Captains and senior yacht crew climb the ranks through experience and advanced certificates, but what about management skills? Managing crew effectively is a skill that takes practice and should be a requirement for all senior managers and captains. It can be a challenge to balance crew with different personalities, various backgrounds, and communication styles. To prevent miscommunication and inefficiencies on board, here are some key management techniques that can make you a better leader and manager:
1. Communicate Regularly
Find a time where all crew gather naturally (tea time, meals, start of the day), and schedule regular meetings with the entire crew to ensure everyone is on the same page. Use these meetings to communicate any changes in schedule, upcoming trips, checking-in on projects, bringing up any crew-wide issues, or any other major announcements. The better you are at communicating, the more effectively your crew can execute what needs to be done.
2. Delegate Tasks
To prevent unnecessary confusion and overlap, delegate specific projects or tasks to key stakeholders. Captains can delegate larger projects to relevant heads of departments, who will be responsible for communicating tasks to the junior crew they manage. Establishing specific roles and responsibilities and delegating will free up time to focus on big-picture projects.

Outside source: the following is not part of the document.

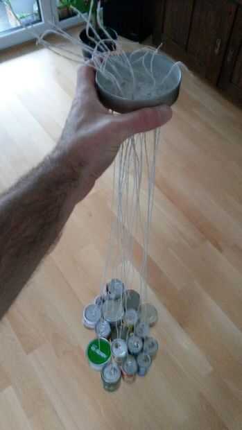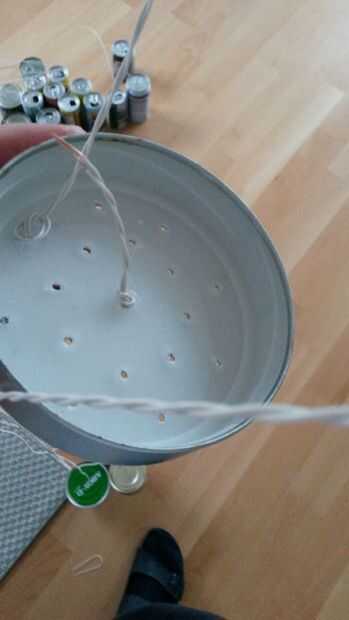 Inserte los cables de sus latas en los agujeros. Hacer un nudo para evitar perder las latas después de haber jodido el encendido a la capota.
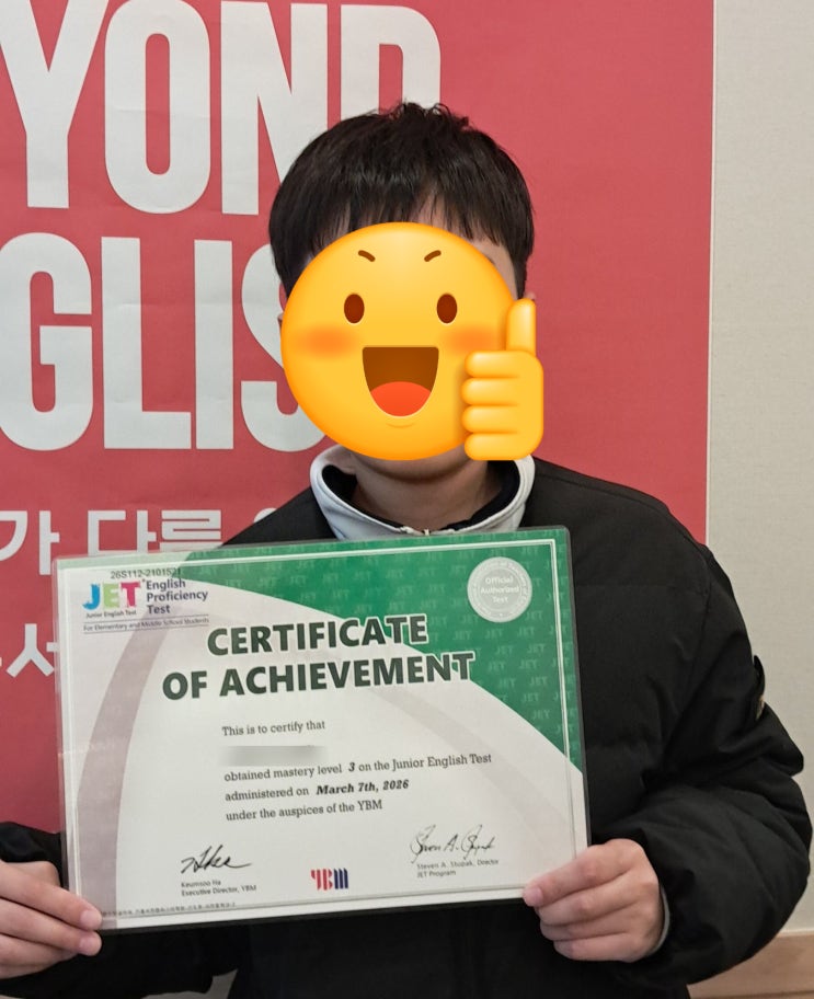안녕하세요. 결과가 다른 영어 비욘드잉글리쉬 기흥서천캠퍼스입니다. 우리 비욘드 친구들이 지난달 3월 7일에 한국토익위원회에서 주관하는 JET를 응시하였습니다. JET란? JET 시험은 한국 토익위원회가 초등학생들의 영어능력을 평가하기 위해 개발한 시험으로 학생들의 영어 실력을 종합적으로 평가할 수 있는 영어인증시험입니다. 더 자세한 내용은 ↓↓↓↓↓ 부쩍 추워진 날씨로 몸이 움츠러드는 이 계절에도 우리 아이들의 영어 학습에 대한 열기는 대단합니다. 매일의 꾸준한 듣고, 말하고, 읽고, 쓰기 연습을 이어온 우리 아이들이 기쁜 소식을 전합니다. JET(Junior English Test) 전원 합격의 놀라운 결과! 모두 모두 축하합니다!!!! ....... <img src="https://blogthumb.pstatic.net/MjAyNjA0MTNfNjYg/MDAxNzc2MDY2NjI2NzA5.Pg_o-j0F8Ev3frv9wRVb-868UaEARTGAQBnU5lABKFcg._azLHew5mrmKNDnQWvYLz9sGSO5pu1RFMIRPxY37rAYg.JPEG/KakaoTalk_20260326_130042435.jpg?type=s3" />

3. Create An Onboarding Process
Ensure all incoming crew know the yacht’s procedures and processes from day one, to prevent issues down the line. Create an onboarding process that is consistent for all new crew in order to get them up to speed quickly. Onboarding may include a checklist for safety, employment contracts, processes, standing orders, crew rules, hours of work/rest, schedules on/off charter, as well as departmental training by a senior crew member like a mate or chief stew.
4. Centralise Communications
Have a central area for all major announcements or dates. This can be physical board in the crew mess, group text messages, or email…whatever works for your yacht! Find a preferred method that works for everyone so all crew are aware of important communication.
5. Crisis Management
In the event of a crisis, all crew need to be aware of the proper protocols to follow in the absence of senior crew or a captain. From fire to injury, theft or sinking, have an action plan for each type of emergency and ensure every crew member knows what to do for each type of situation. Establish points of contact, and review emergency procedures regularly so your crew can be ready in case a situation arises.